→ **Work request**
Write out each record below exactly as it appears, with no pictures.

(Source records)
--- START ---

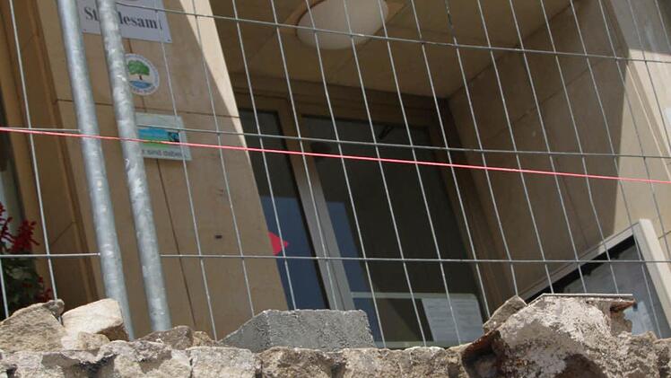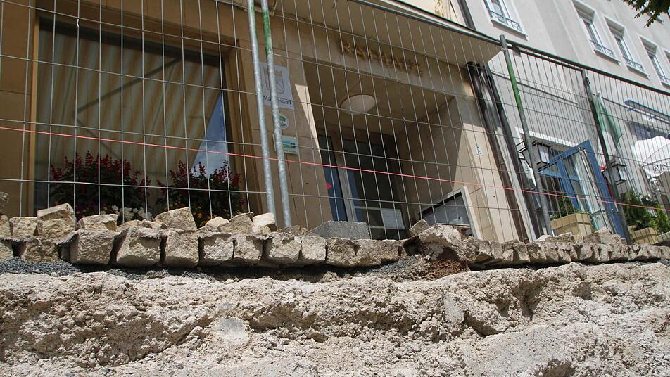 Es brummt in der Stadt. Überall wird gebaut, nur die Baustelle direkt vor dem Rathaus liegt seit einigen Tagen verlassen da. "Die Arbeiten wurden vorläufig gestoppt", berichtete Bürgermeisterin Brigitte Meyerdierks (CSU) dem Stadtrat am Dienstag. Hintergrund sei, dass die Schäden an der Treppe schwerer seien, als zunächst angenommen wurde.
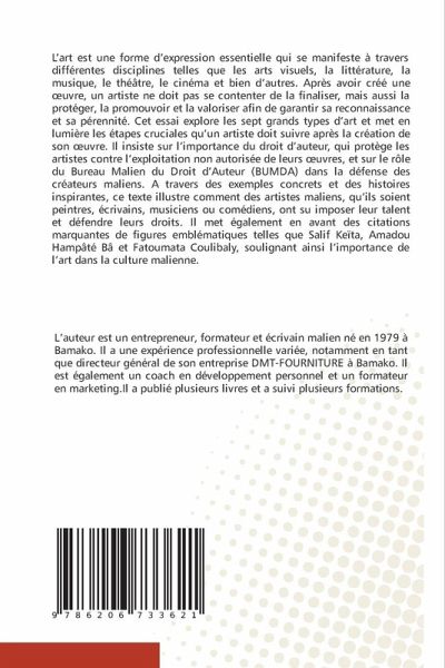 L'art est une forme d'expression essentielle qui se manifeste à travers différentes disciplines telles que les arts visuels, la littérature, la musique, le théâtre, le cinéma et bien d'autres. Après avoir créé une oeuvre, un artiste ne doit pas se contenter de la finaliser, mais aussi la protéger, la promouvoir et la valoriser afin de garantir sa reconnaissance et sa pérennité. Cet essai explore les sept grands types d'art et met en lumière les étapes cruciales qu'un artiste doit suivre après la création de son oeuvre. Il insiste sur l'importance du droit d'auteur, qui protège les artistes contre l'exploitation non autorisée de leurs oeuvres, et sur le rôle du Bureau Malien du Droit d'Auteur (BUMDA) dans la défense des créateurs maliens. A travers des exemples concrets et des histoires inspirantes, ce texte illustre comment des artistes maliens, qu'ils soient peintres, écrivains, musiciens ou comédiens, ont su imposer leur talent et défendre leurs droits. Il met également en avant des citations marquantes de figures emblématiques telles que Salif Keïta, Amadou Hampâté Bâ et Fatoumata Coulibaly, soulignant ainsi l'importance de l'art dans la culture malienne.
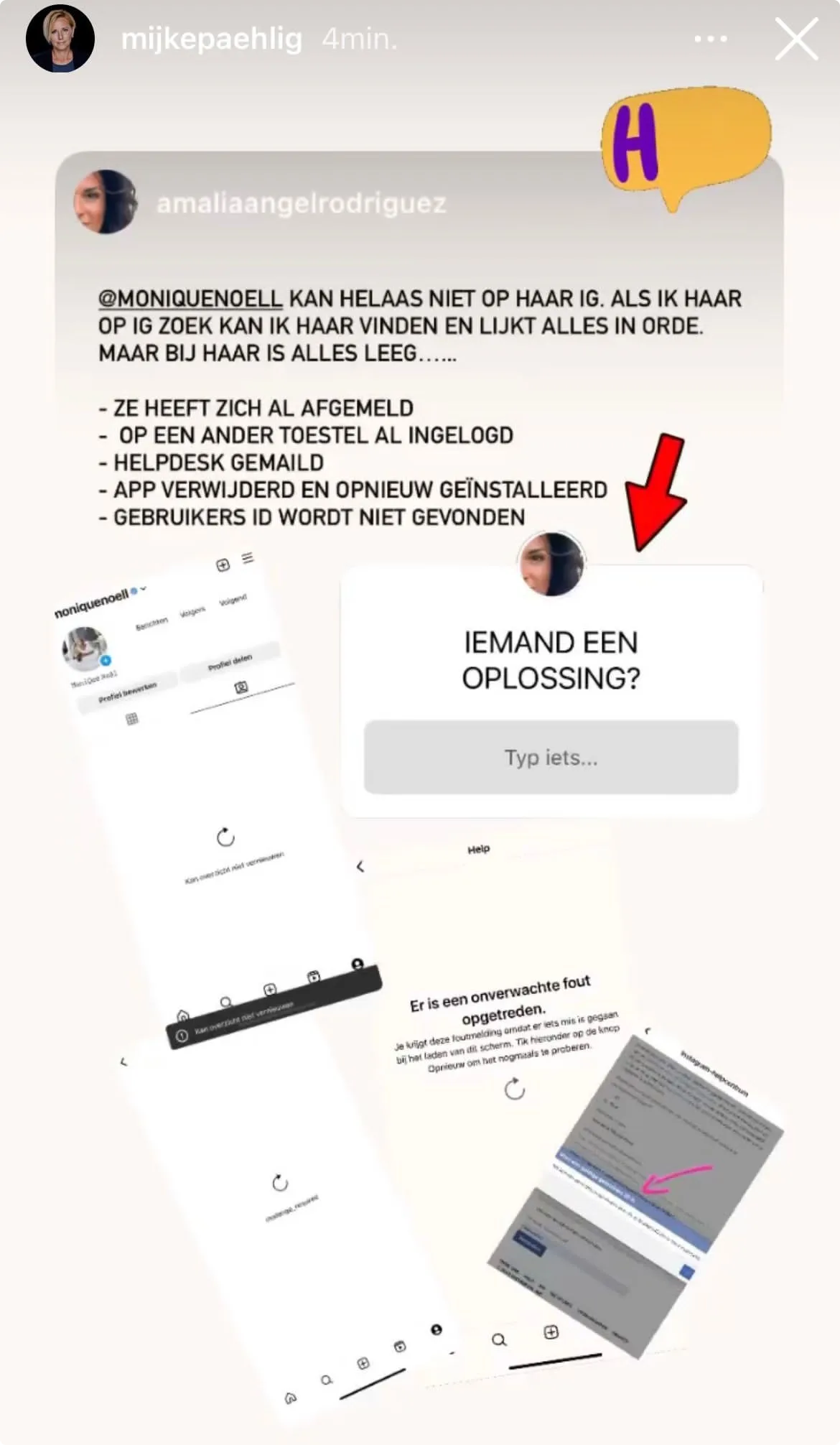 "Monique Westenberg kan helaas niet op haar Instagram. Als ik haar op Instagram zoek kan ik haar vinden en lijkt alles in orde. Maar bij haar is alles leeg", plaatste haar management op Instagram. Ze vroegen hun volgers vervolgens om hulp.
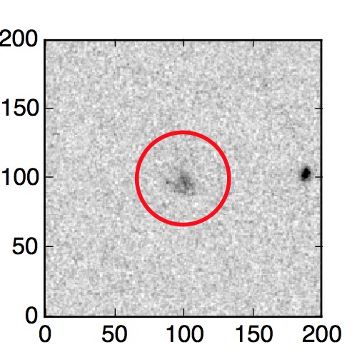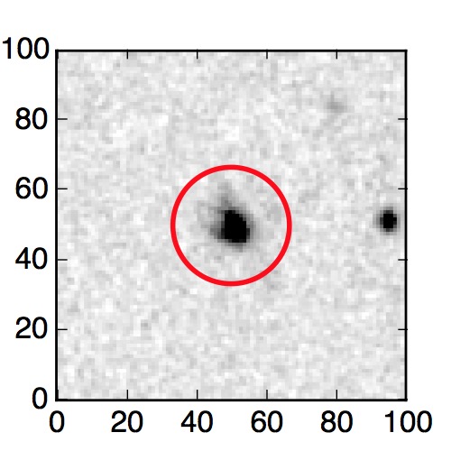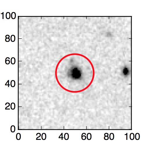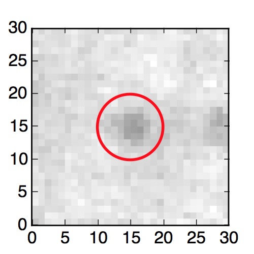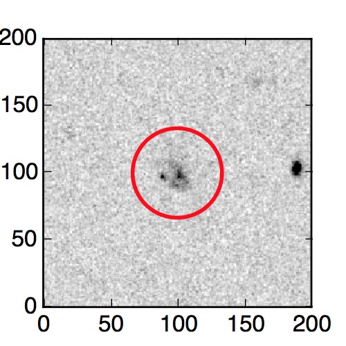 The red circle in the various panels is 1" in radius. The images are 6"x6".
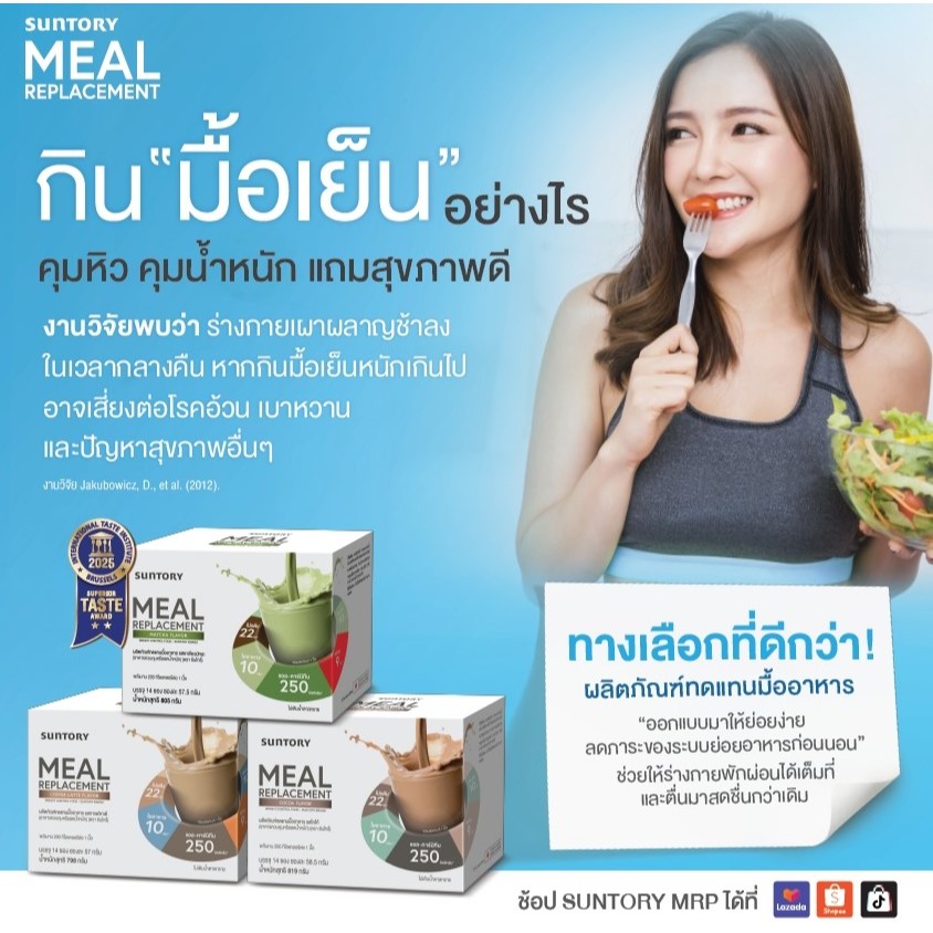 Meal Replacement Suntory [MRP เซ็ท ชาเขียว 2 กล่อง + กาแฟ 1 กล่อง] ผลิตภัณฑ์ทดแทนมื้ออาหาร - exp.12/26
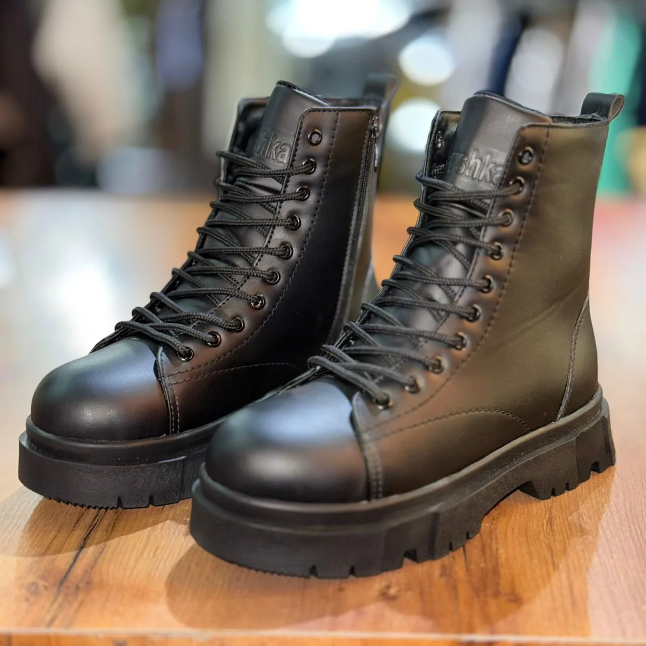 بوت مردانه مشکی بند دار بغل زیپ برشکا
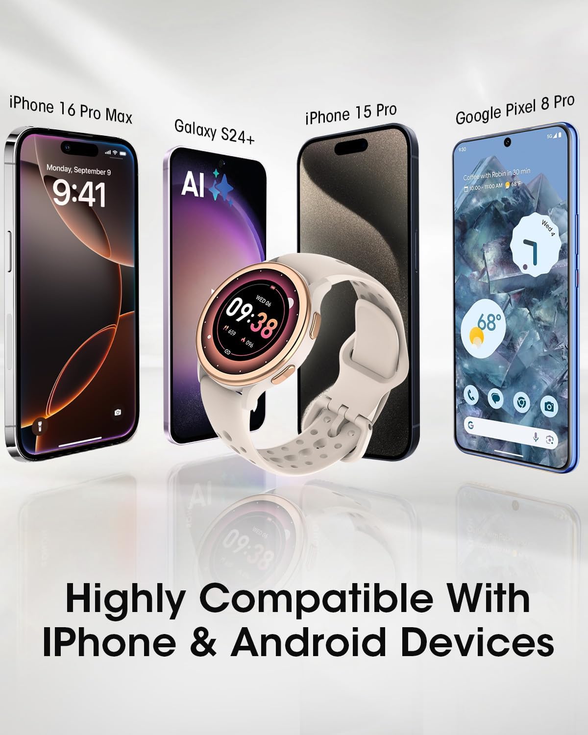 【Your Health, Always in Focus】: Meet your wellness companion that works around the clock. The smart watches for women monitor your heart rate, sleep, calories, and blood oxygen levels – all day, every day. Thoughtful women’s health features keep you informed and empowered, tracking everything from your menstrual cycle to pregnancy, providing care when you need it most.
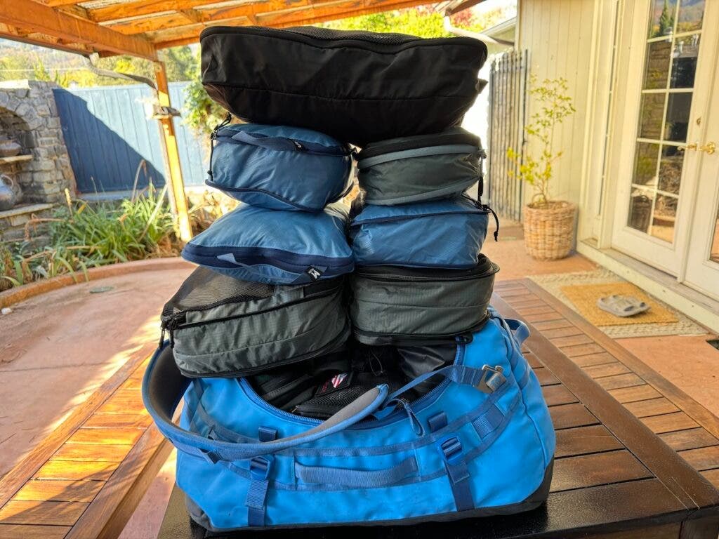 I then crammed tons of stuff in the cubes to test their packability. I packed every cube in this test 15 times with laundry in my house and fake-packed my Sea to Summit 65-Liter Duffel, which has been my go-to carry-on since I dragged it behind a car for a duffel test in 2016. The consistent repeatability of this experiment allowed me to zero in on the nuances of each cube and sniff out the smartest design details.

--- END ---

→ **Solution to this exercise**
 Es brummt in der Stadt. Überall wird gebaut, nur die Baustelle direkt vor dem Rathaus liegt seit einigen Tagen verlassen da. "Die Arbeiten wurden vorläufig gestoppt", berichtete Bürgermeisterin Brigitte Meyerdierks (CSU) dem Stadtrat am Dienstag. Hintergrund sei, dass die Schäden an der Treppe schwerer seien, als zunächst angenommen wurde.
 L'art est une forme d'expression essentielle qui se manifeste à travers différentes disciplines telles que les arts visuels, la littérature, la musique, le théâtre, le cinéma et bien d'autres. Après avoir créé une oeuvre, un artiste ne doit pas se contenter de la finaliser, mais aussi la protéger, la promouvoir et la valoriser afin de garantir sa reconnaissance et sa pérennité. Cet essai explore les sept grands types d'art et met en lumière les étapes cruciales qu'un artiste doit suivre après la création de son oeuvre. Il insiste sur l'importance du droit d'auteur, qui protège les artistes contre l'exploitation non autorisée de leurs oeuvres, et sur le rôle du Bureau Malien du Droit d'Auteur (BUMDA) dans la défense des créateurs maliens. A travers des exemples concrets et des histoires inspirantes, ce texte illustre comment des artistes maliens, qu'ils soient peintres, écrivains, musiciens ou comédiens, ont su imposer leur talent et défendre leurs droits. Il met également en avant des citations marquantes de figures emblématiques telles que Salif Keïta, Amadou Hampâté Bâ et Fatoumata Coulibaly, soulignant ainsi l'importance de l'art dans la culture malienne.
 "Monique Westenberg kan helaas niet op haar Instagram. Als ik haar op Instagram zoek kan ik haar vinden en lijkt alles in orde. Maar bij haar is alles leeg", plaatste haar management op Instagram. Ze vroegen hun volgers vervolgens om hulp.
 The red circle in the various panels is 1" in radius. The images are 6"x6".
 Meal Replacement Suntory [MRP เซ็ท ชาเขียว 2 กล่อง + กาแฟ 1 กล่อง] ผลิตภัณฑ์ทดแทนมื้ออาหาร - exp.12/26
 بوت مردانه مشکی بند دار بغل زیپ برشکا
 【Your Health, Always in Focus】: Meet your wellness companion that works around the clock. The smart watches for women monitor your heart rate, sleep, calories, and blood oxygen levels – all day, every day. Thoughtful women’s health features keep you informed and empowered, tracking everything from your menstrual cycle to pregnancy, providing care when you need it most.
 I then crammed tons of stuff in the cubes to test their packability. I packed every cube in this test 15 times with laundry in my house and fake-packed my Sea to Summit 65-Liter Duffel, which has been my go-to carry-on since I dragged it behind a car for a duffel test in 2016. The consistent repeatability of this experiment allowed me to zero in on the nuances of each cube and sniff out the smartest design details.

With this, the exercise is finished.